### Assignment
Your answer must be the lines from the first one in the material through the line with "وارد ماژول قرار", retyped exactly and with no pictures.

### Data excerpt
------------------------------------

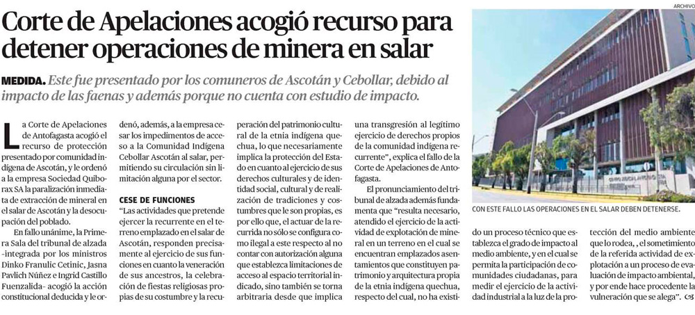 Corte de Antofagasta acoge recurso de comunidad quechua y ordena a empresa minera paralizar explotación en salar de Ascotán - (elregionalista)
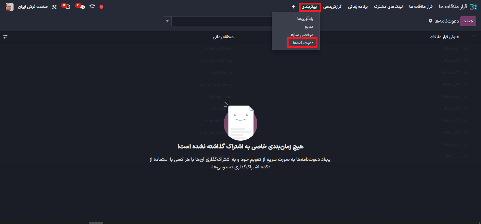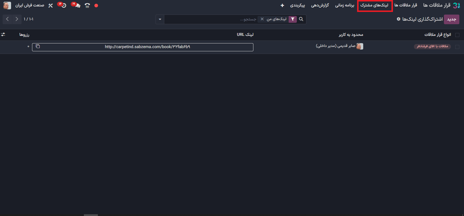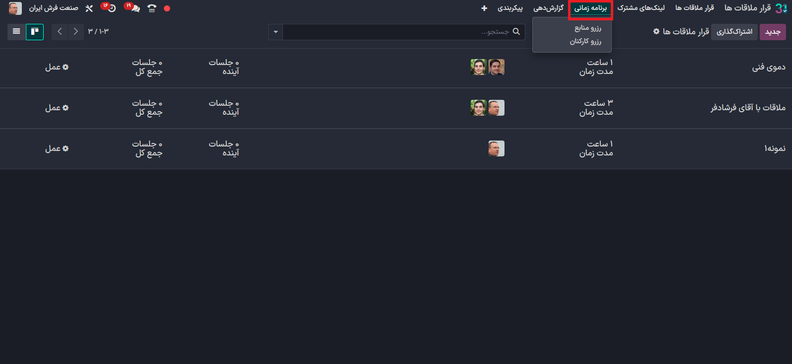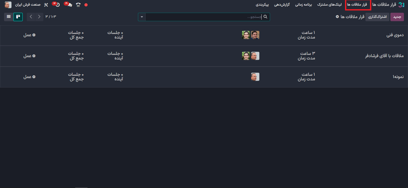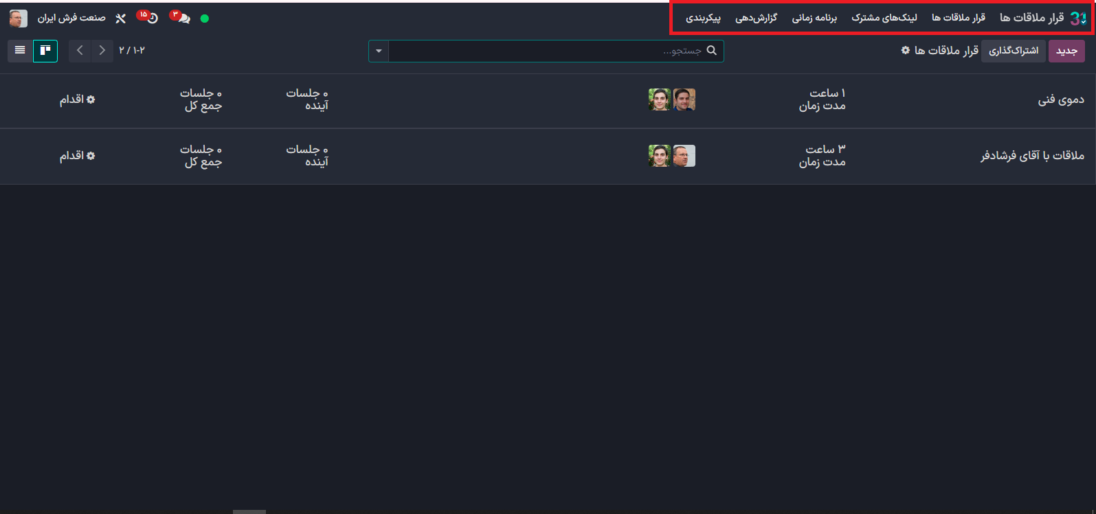 وارد ماژول قرار ملاقات شوید، در بالای صفحه چند بخش مهم وجود دارد.
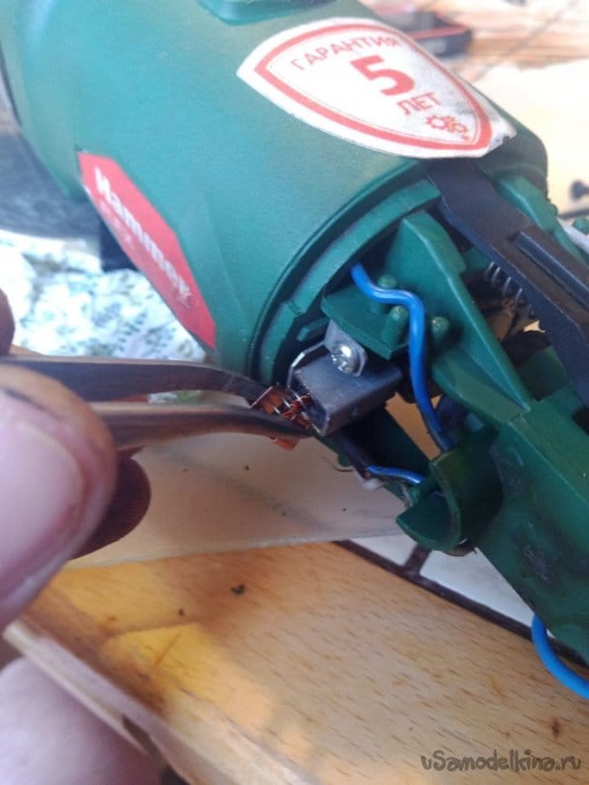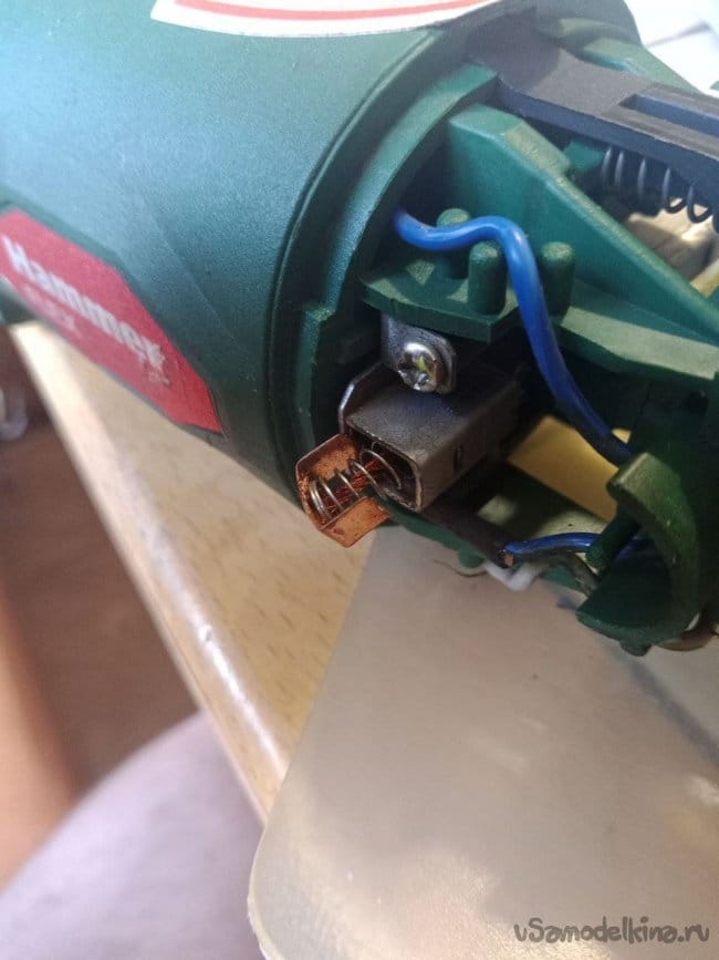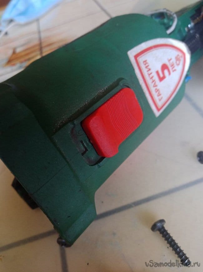 Жила-была у меня болгарка фирмы Хаммер (чехи-уроды вроде делают), купленная в магазине Старт 23 февраля 2020 года. Теперь того магазина уже нет. И на второй неделе использования у болгарки сломалась кнопка питания. Она перестала фиксироваться, обломался малюсенький пластмассовый фиксатор. Помучился я так пару недель болгарить, и поехал в Старт сдавать. А они уже знали, что их скоро закроют, и сказали мне, что мол, везите в сервис сами, мы тут не при делах. И тут жизнь закрутила, как-то да работает, и на ручке написано: 5 лет гарантии. Это успокоило, и я решил не торопиться с ремонтом. Прошло больше года, появилось время, и решил я болгарку отремонтировать по гарантии. Опаньки, оказалось, что гарантия 1 год, а чтобы получить 5 лет, надо было в течение месяца зарегистрироваться на сайте Хаммера. Облом, значит будем чинить сами. Порылся на ютубе, учёл опыт неудачного чинильщика, и починил-таки, чем и спешу с вами поделиться. У знакомого такая же болгарка, там же купленная, и такая же неисправность. Думаю, это у них массово.

------------------------------------

### Answer space
 Corte de Antofagasta acoge recurso de comunidad quechua y ordena a empresa minera paralizar explotación en salar de Ascotán - (elregionalista)
 وارد ماژول قرار ملاقات شوید، در بالای صفحه چند بخش مهم وجود دارد.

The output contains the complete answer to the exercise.